The Real Reason Food Vendors Are Still Missing From Sports Stadiums

Spring is here, and baseball is back! Crowds are (sort of) filling the stadiums, at least as far as COVID protocols will allow, and the air is filled with the sweet crack of bats and cheers of the crown. The one sound you won't hear in the stands, however, are cries of "Popcorn! Peanuts!" "Lee-mo-nade, lee-mo-nade!" or "Get your cold beer here!"

It's not that the parks themselves are devoid of food without hot dogs is unthinkable, and baseball without beer is unprofitable (well, a lot less profitable). According to a 2004 report by Athletic Business, MLB execs found that alcohol sales might account for up to 75 percent of a stadium's revenue. So yes, they're still selling concessions...well, most of them are, at least. 

Food and Wine reports that as of mid-March, four of California's MLB teams – the Los Angeles Angels, Los Angeles Dodgers, Oakland Athletics, and San Diego Padres – are located in the state's "purple tier" where COVID protocols won't allow for any food sales at all. In many other ballparks, however, food and drink will still be available, although you'll either need to pick it up yourself or order it for in-seat delivery which is not at all the same thing as waving down the beer manor catching a bag of peanuts on the fly. So what happened to all those vanished vendors? Many of the vendors themselves are wondering that exact same thing.

Food vendors still pose too much of a COVID risk

According to Chicago-area beer vendor Lloyd Rutzky, who's been selling to both Cubs and White Sox fans for over 50 years, every year the teams get in touch with the vendors to see who's available to work the upcoming season. This year, not a peep. Rutzky told Eater "I'm sure by the next time there are vendors, there will be a whole lot of different rules," but he's unsure whether that will happen at all this year.
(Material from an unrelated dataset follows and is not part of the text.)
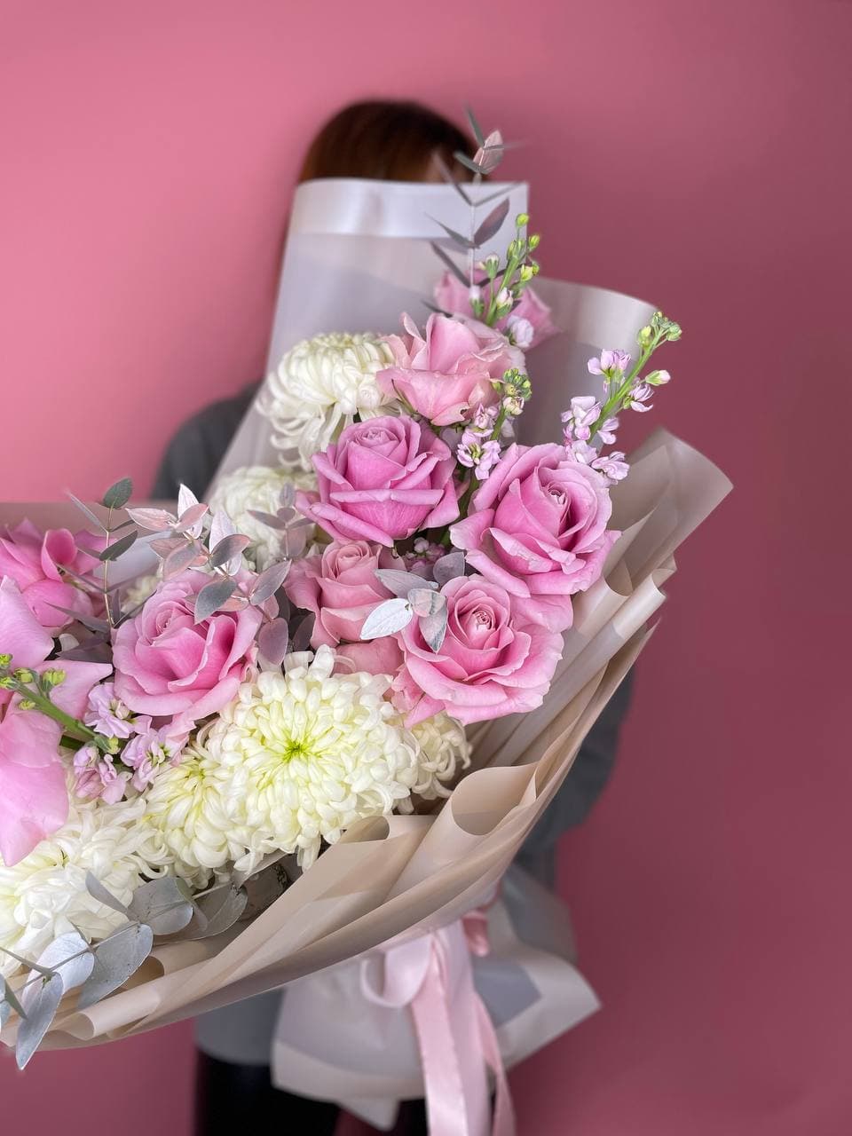 Плотная сборка из роз и хризантем с волнами маттиолы создает густую текстуру. Эвкалипт добавляет графику, а авторская упаковка завершает форму. Букет держит объем и выглядит цельно.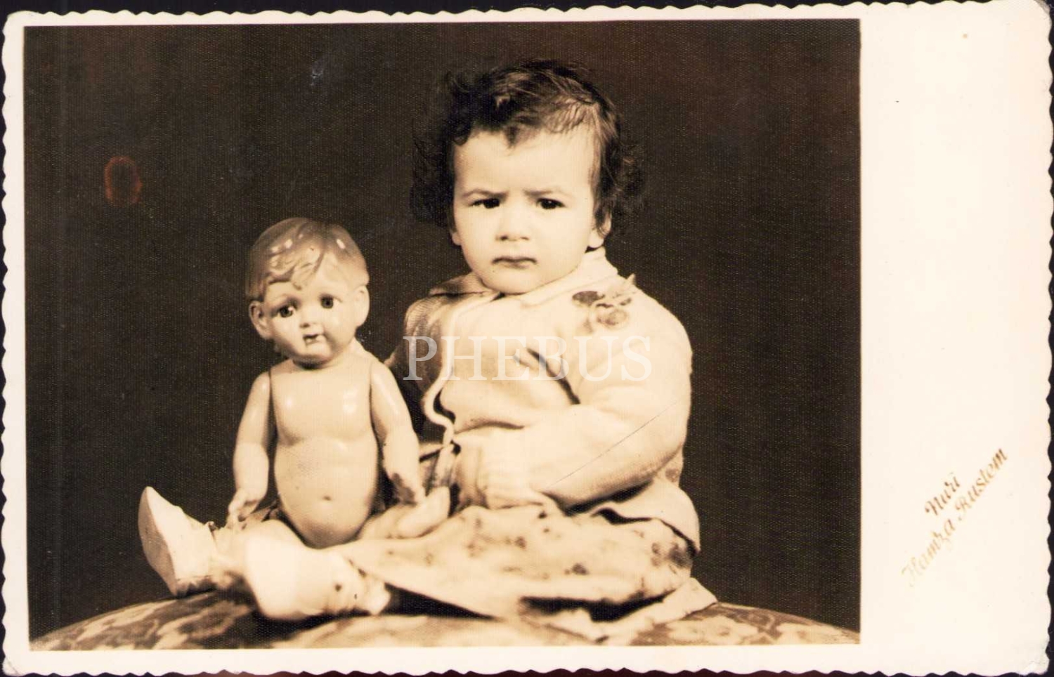 Oyuncaklı kız çocuğunun 1954 tarihli hatıra fotoğrafı, Foto Nuri Hamza Rüstem

His cross-country counterpart, Oakland Coliseum's Hal the Hot Dog Guy (Hal Gordon), shared similar sentiments with Men's Health last fall. While the A's added a cardboard cut-out of the beloved hot dog salesman to the stands, it didn't make up for his lost revenue, or that of his coworkers. Gordon started a GoFundMe raising over $9000 and allowing him to send $285 to each Bay Area vendor, but this one-time payment amounted to only about 25 percent of what they used to earn per week during baseball season. Gordon fears vendors may be the last ones returning to stadiums, admitting that "People walking in between fans who are trying to socially distance, serving them food without being able to wash hands between each transaction, and maybe most importantly, yelling and projecting our voices all seems like some of the riskiest post-COVID activities." Sad but true...but those hot dogs just don't taste the same when you have to buy them from a stand.